Southern Min Chinese dialect

Datian Min (大田闽语 (大田閩語, Dàtián Mǐnyǔ, Tōa-chhân bân-gú)) or Datian dialect (大田话 (大田話, Dàtiánhuà) 'Datian speech') is a Southern Min language spoken in Datian County, Sanming City, Fujian Province, China. It has been influenced by other Min languages, including Central Min, Eastern Min, Northern Min and Puxian Min.

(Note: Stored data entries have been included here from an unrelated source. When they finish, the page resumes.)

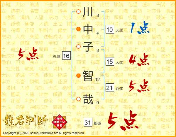 川中子智哉さんの地運は21画の5点!
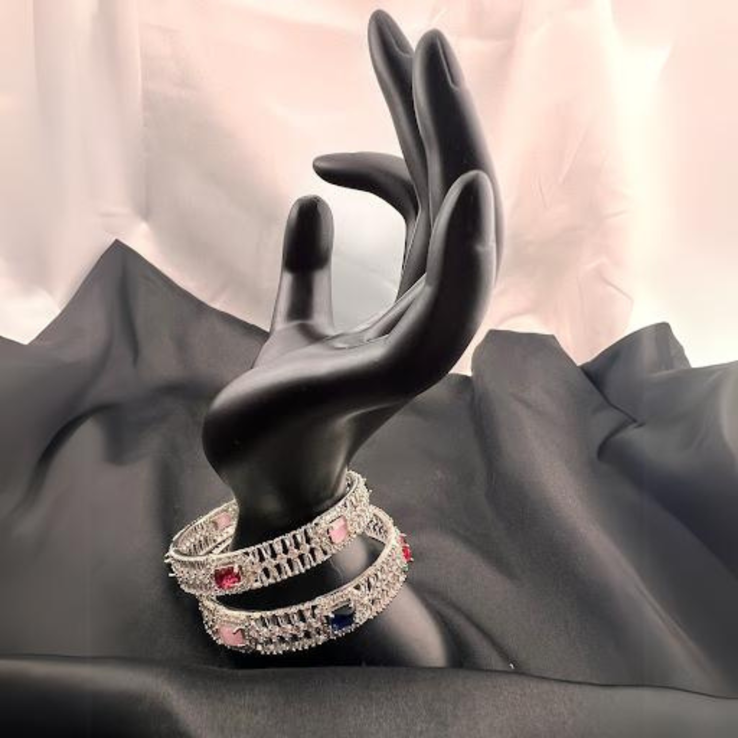 - Adorn your wrist with sophistication through this captivating bangle featuring radiant multi colored lustrous cubic zirconia accents. It is meticulously crafted to emulate the sparkle of diamonds, adding a touch of refined elegance to each piece.
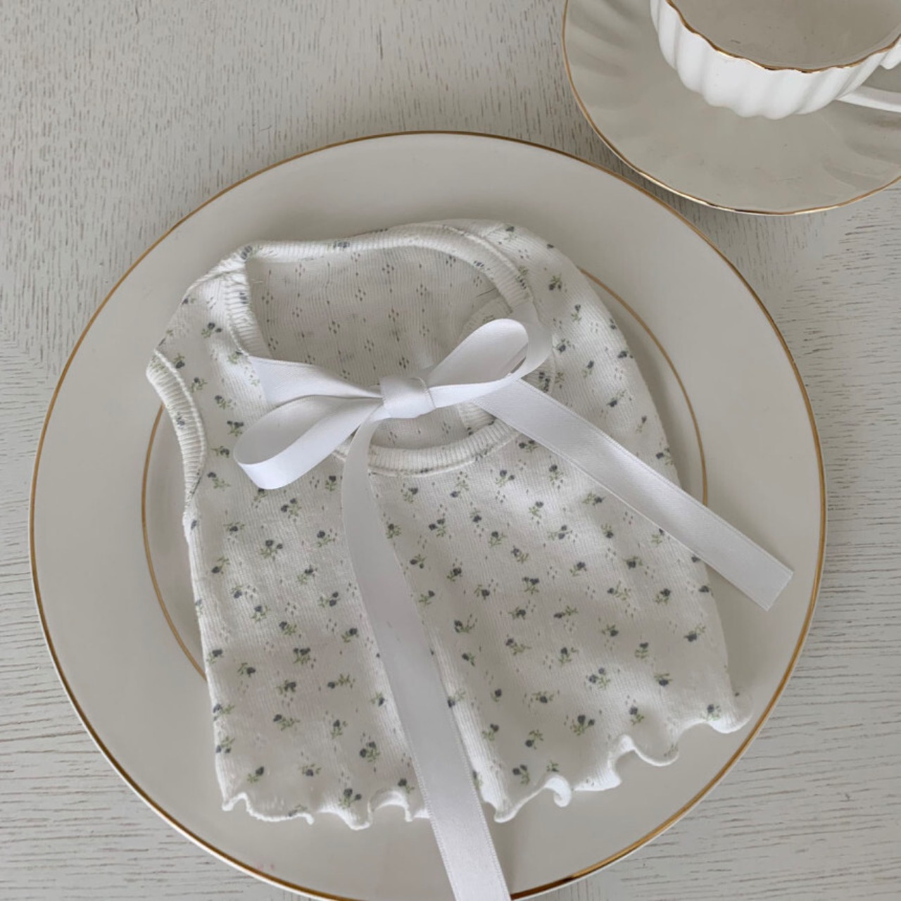 清楚でかわいい小花柄リボンteeです.*・゚
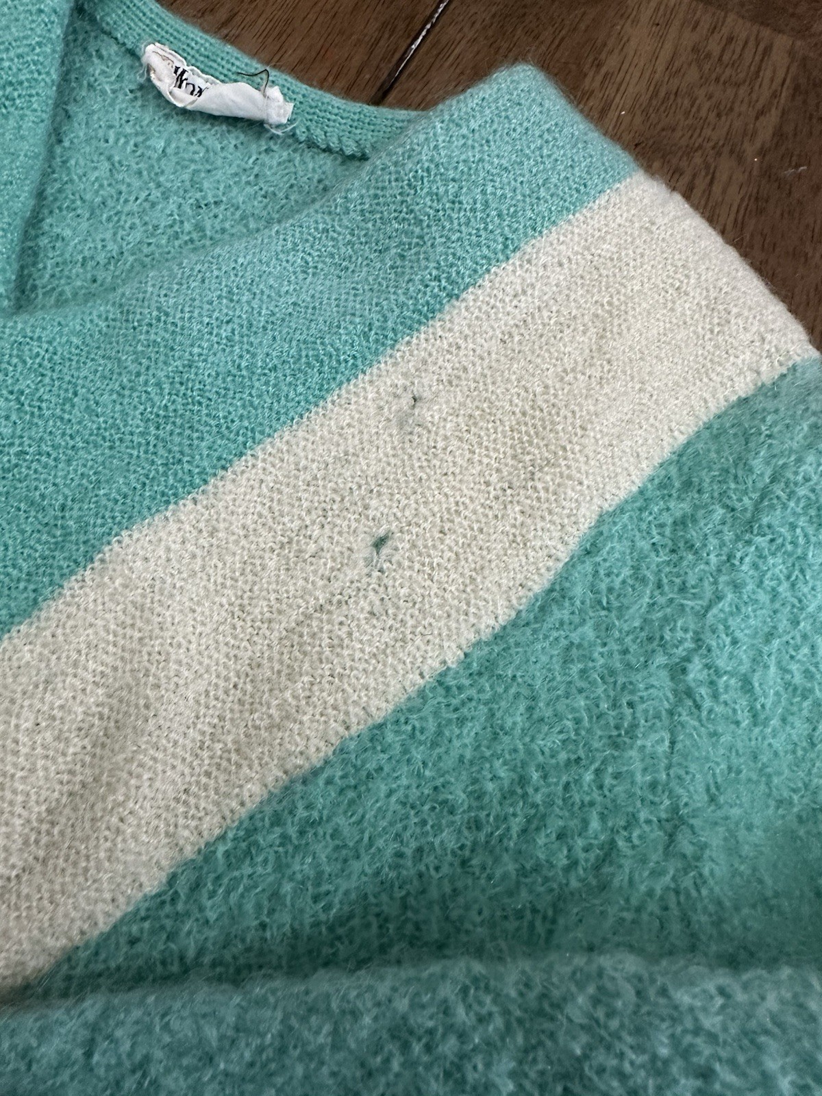 50/60s Wondamere Wool Sweater, Petite Small, Mint Green And Ivory
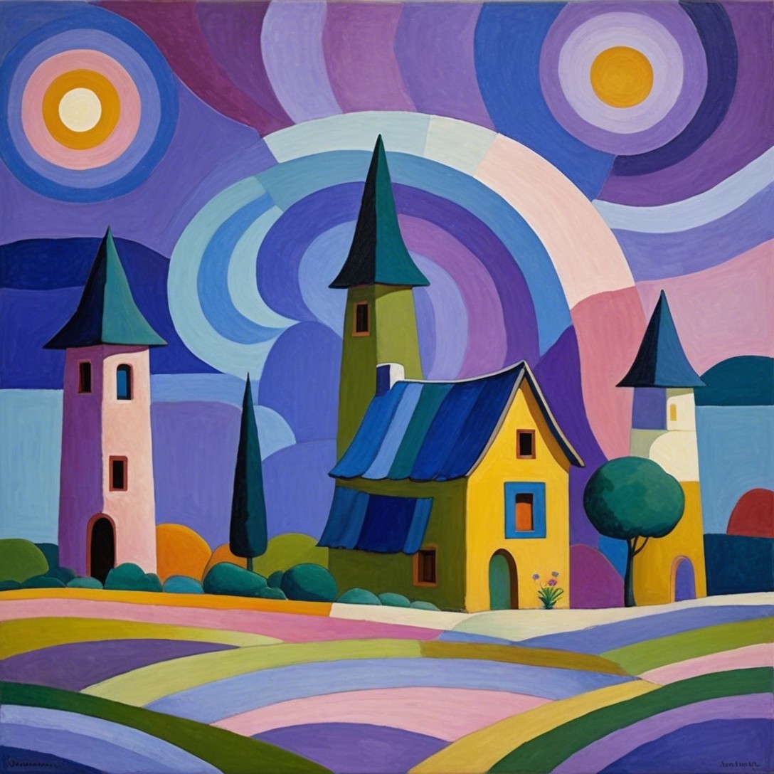 A vibrant, abstract landscape featuring colorful houses with pointed roofs, surrounded by whimsical trees and rolling hills, set against a swirling sky of bold hues and circular patterns.
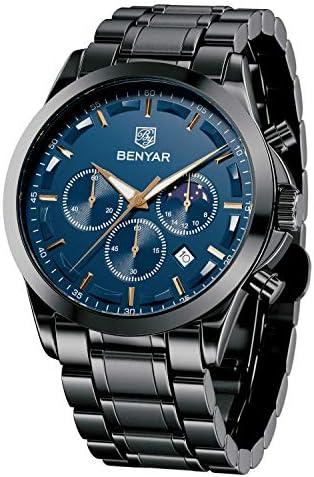 BY BENYAR Montre Chronographe en Acier Inoxydable étanche avec date Analogique à Quartz pour Homme
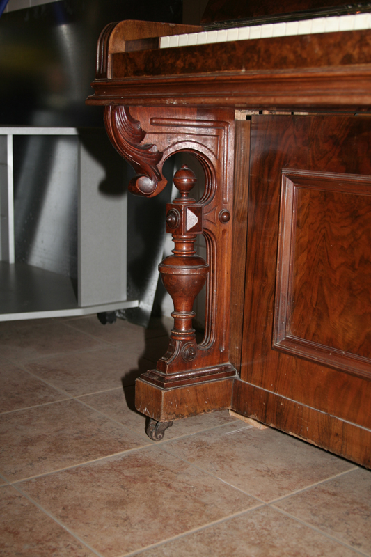 Очень изящное, темно-орехового цвета, небольшого размера, хорошо сохранившееся, полностью рабочее, идеальное звучание. Требуется только настройка. |
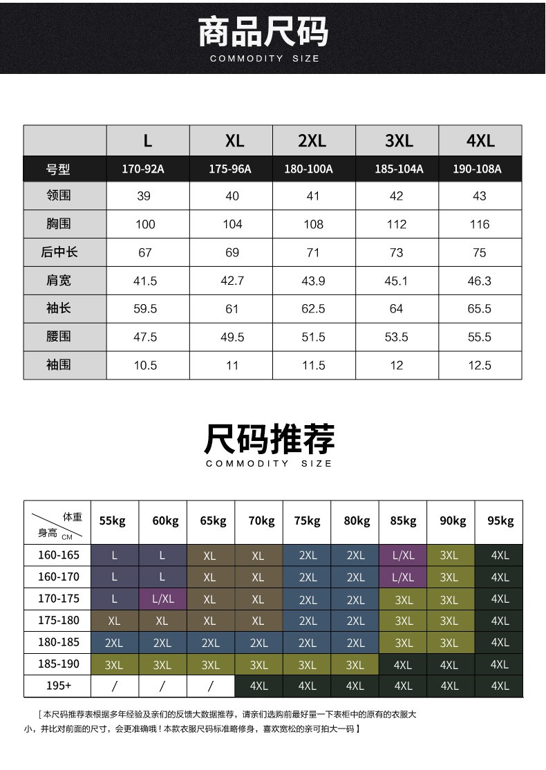 China (cm) 160-165/84-86 165-170 / 88-90 167-172 / 92-96 168-173 / 98-102 170-176 / 106-110
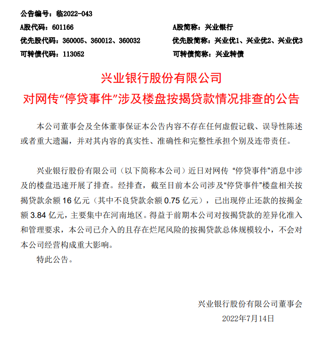 兴业银行股份有限公司(以下简称本公司)近日对网传“停贷事件”消息中涉及的楼盘迅速开展了排查。经排查,截至目前本公司涉及“停贷事件”楼盘相关按揭贷款余额16亿元(其中不良贷款余额0.75 亿元),已出现停止还款的按揭金额3.84 亿元,主要集中在河南地区。得益于前期本公司对按揭贷款的差异化准入和管理要求,本公司已介入的且存在烂尾风险的按揭贷款总体规模较小,不会对本公司经营构成重大影响。
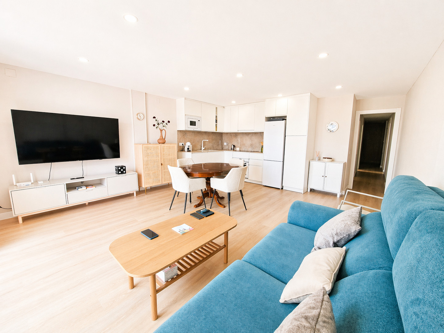 Le salon-salle à manger est spacieux et dispose d'un canapé-lit pour 1 personne, ainsi que d'une télévision.
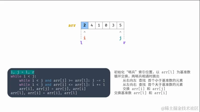 哨兵划分操作: 以数组某个元素(一般选取首元素)为 基准数 ,将所有小于基准数的元素移动至其左边,大于基准数的元素移动至其右边。
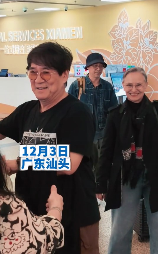 从机场影片可见,周华健一家人近日抵达广东汕头。当日周华健身穿黑色T恤配啡色阔裤,身型略有发福,脸上也带着明显的岁月痕迹,但精神相当饱满,心情极佳。他甫出闸口便热情地与粉丝握手,更兴奋得举高双手,活力十足。
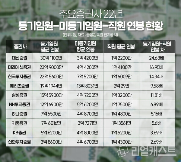 국내 주요 증권사의 등기임원과 직원의 평균 연봉이 작년말 기준 9.85배 차이 나는 것으로 확인됐습니다.
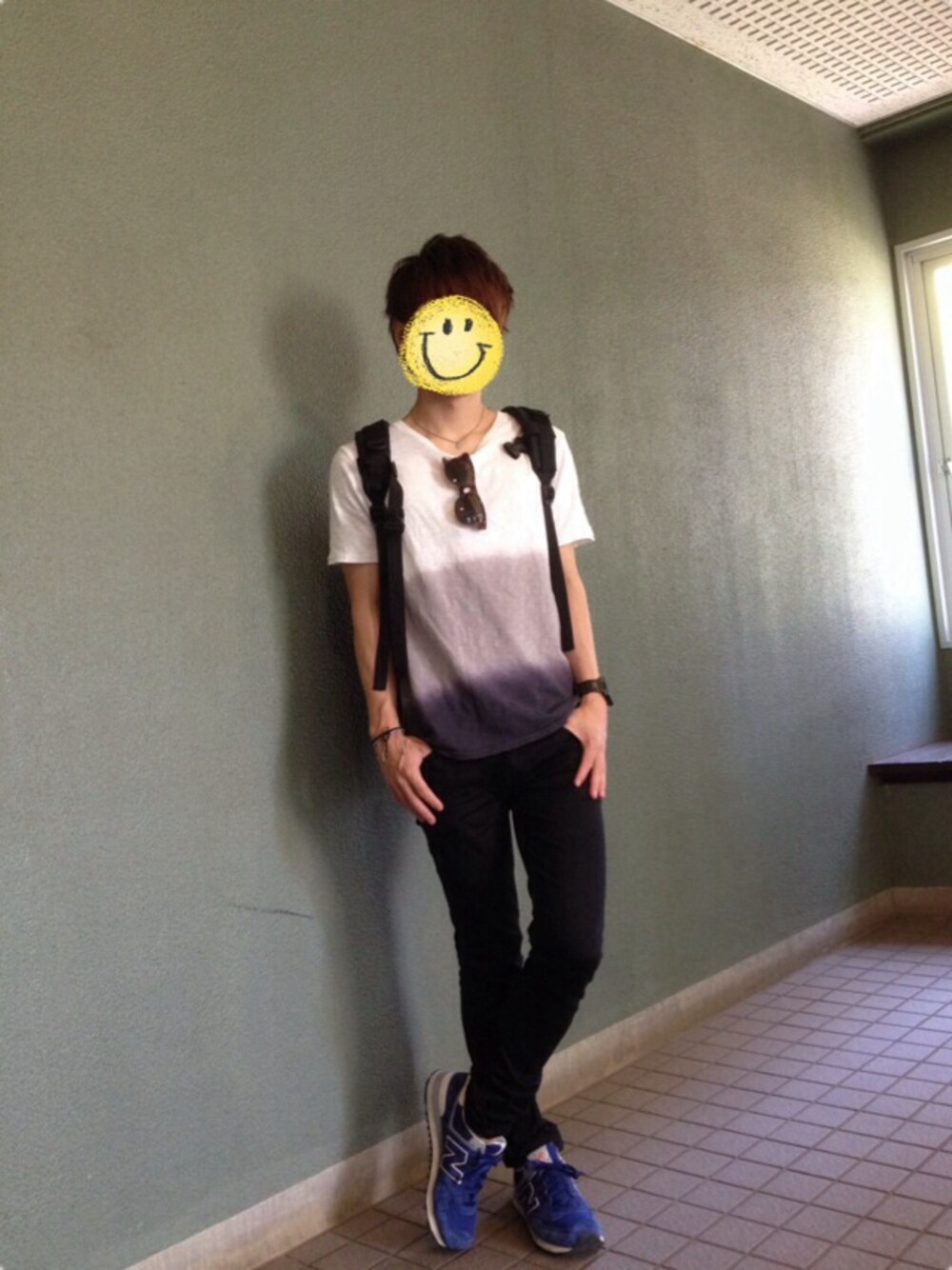 カットソー:チャオパニック デニムパンツ:And A スニーカー:ニューバランス574 ブレスレット:HARE サングラス:green label relaxing 今日は上から下までネイビーのグラデーションコーデしてみました。 見にくいけどパンツも濃紺です。 夏はいつも以上にシンプルになりがちなのでアクセサリーでせめてもの足掻きしてます。笑 丸めがねっていうかサングラス。。無理矢理でごめんなさい。笑
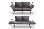 Vyrobená z 100% kovového rámu a čalúnená v mäkkej polyesterovej tkanine, táto pohovka na spanie ponúka dokonalú kombináciu trvanlivosti a pohodlia. Vankúše z 24 DNS peny poskytujú luxusný zážitok z sedenia, zatiaľ čo 14-stupňovo nastaviteľné opierky rúk vám umožňujú prispôsobiť si svoj relaxačný zážitok.

Datian Min developed from Hokkien, a dialect of Southern Min. Before the year 1535, this area belonged to four counties: Youxi, Dehua, Yong'an and Zhangping. Hokkien was spoken in Dehua and Zhangping, while Yong'an and Youxi spoke Central Min and Eastern Min respectively. Datian County was set up and affiliated to Yanping Fu (延平府, modern Nanping) which spoke Northern Min in 1535. Language contact occurred in the later days. The county changed affiliate to Yongchun Zhou (永春州, modern Yongchun County, spoke Hokkien dialect) in 1734, then to Yong'an Division (永安专区, modern Sanming Prefecture, spoke Central Min) in 1949. The administrative here changed so frequently that the differences between Datian Min and Hokkien dialect became more and more obvious.

Datian Min has little intelligibility with other varieties of Southern Min, and is sometimes classified as a separate branch of Min. Some Chinese scholars call it Min dialects transition area (闽方言过渡区).